-- Prompt --
Here are some records; quote them exactly, leaving out the pictures.

[[ Provided data open ]]

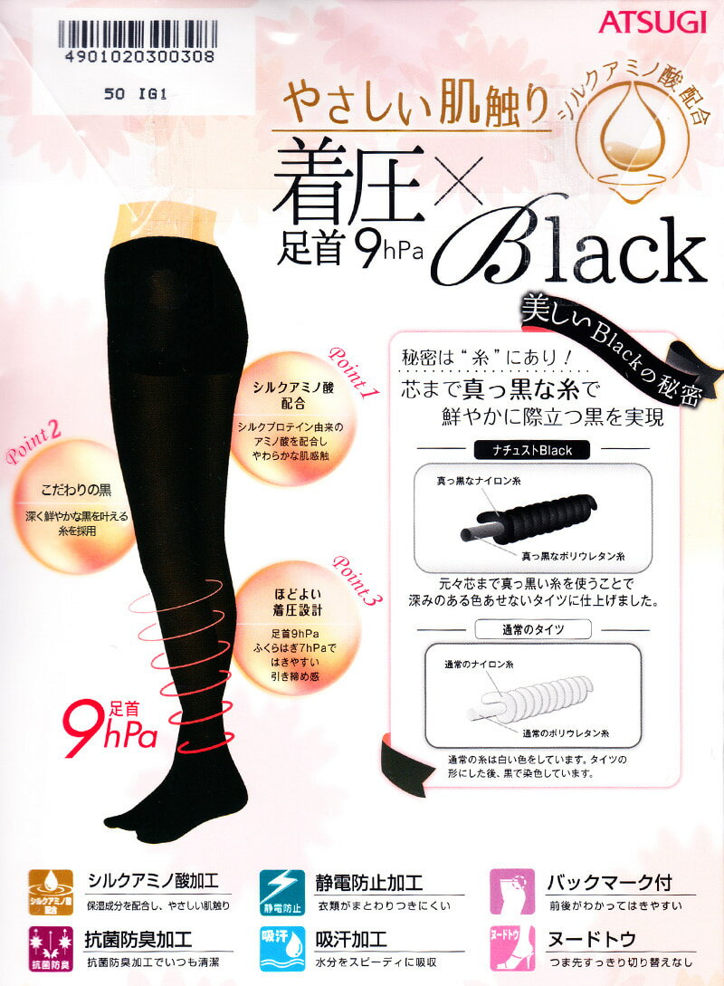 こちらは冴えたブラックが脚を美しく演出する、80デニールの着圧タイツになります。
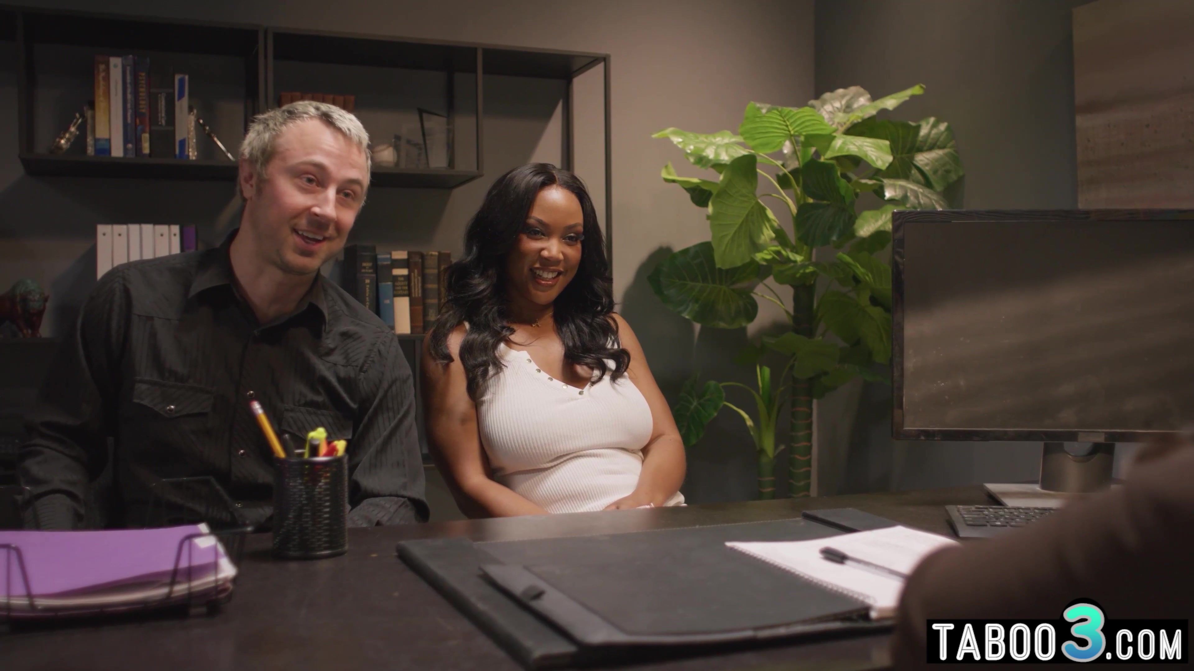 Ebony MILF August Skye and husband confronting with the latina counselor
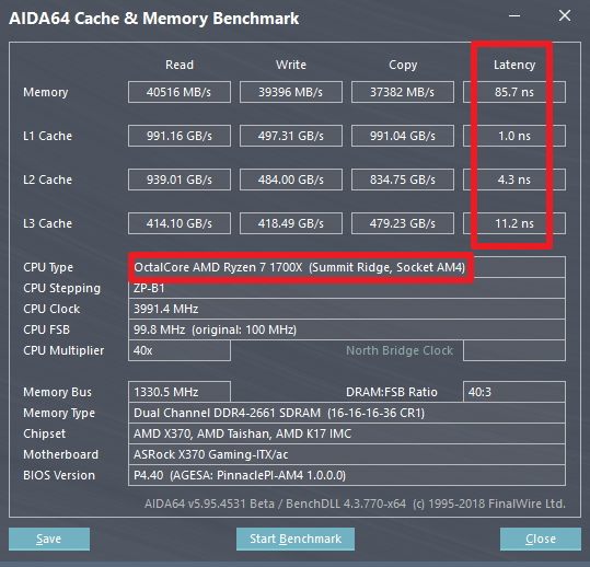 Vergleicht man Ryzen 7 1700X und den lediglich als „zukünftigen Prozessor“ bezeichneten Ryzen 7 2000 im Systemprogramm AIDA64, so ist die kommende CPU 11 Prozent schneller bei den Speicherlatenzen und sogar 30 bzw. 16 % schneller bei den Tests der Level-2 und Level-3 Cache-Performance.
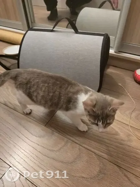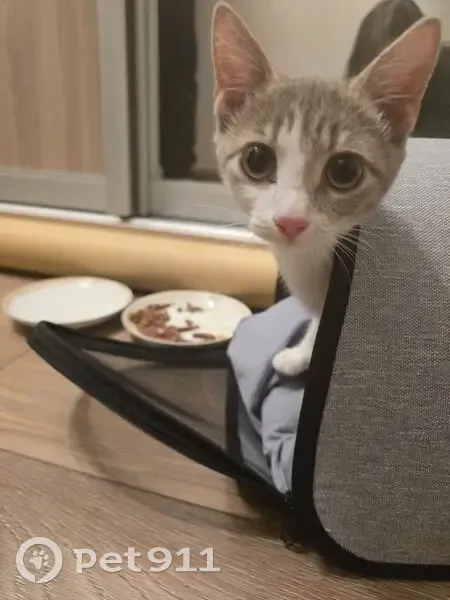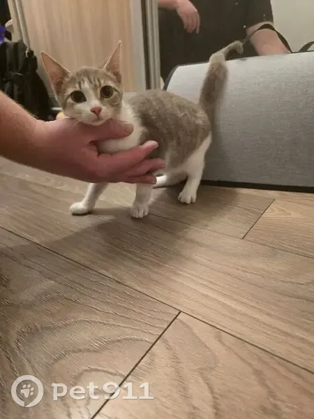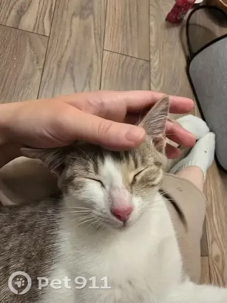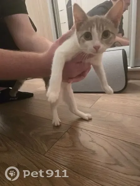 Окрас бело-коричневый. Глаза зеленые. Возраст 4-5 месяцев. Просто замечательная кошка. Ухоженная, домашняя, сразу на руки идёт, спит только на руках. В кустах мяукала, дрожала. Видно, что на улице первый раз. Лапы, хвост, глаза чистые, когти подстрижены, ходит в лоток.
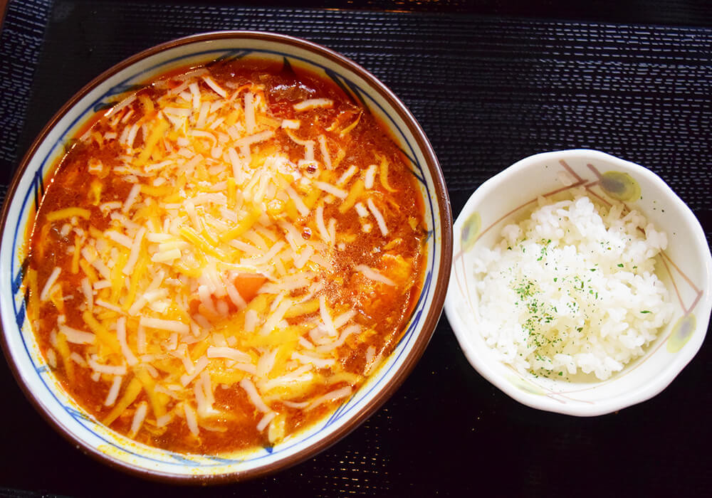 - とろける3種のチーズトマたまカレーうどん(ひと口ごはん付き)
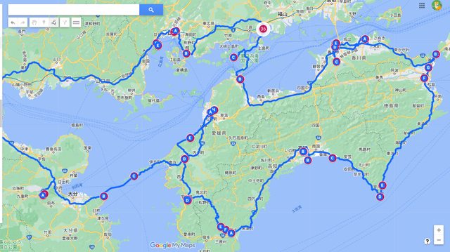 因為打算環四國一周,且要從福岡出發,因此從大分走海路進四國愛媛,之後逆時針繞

[[ Provided data closed ]]

-- Output --
 こちらは冴えたブラックが脚を美しく演出する、80デニールの着圧タイツになります。
 Ebony MILF August Skye and husband confronting with the latina counselor
 Vergleicht man Ryzen 7 1700X und den lediglich als „zukünftigen Prozessor“ bezeichneten Ryzen 7 2000 im Systemprogramm AIDA64, so ist die kommende CPU 11 Prozent schneller bei den Speicherlatenzen und sogar 30 bzw. 16 % schneller bei den Tests der Level-2 und Level-3 Cache-Performance.
 Окрас бело-коричневый. Глаза зеленые. Возраст 4-5 месяцев. Просто замечательная кошка. Ухоженная, домашняя, сразу на руки идёт, спит только на руках. В кустах мяукала, дрожала. Видно, что на улице первый раз. Лапы, хвост, глаза чистые, когти подстрижены, ходит в лоток.
 - とろける3種のチーズトマたまカレーうどん(ひと口ごはん付き)
 因為打算環四國一周,且要從福岡出發,因此從大分走海路進四國愛媛,之後逆時針繞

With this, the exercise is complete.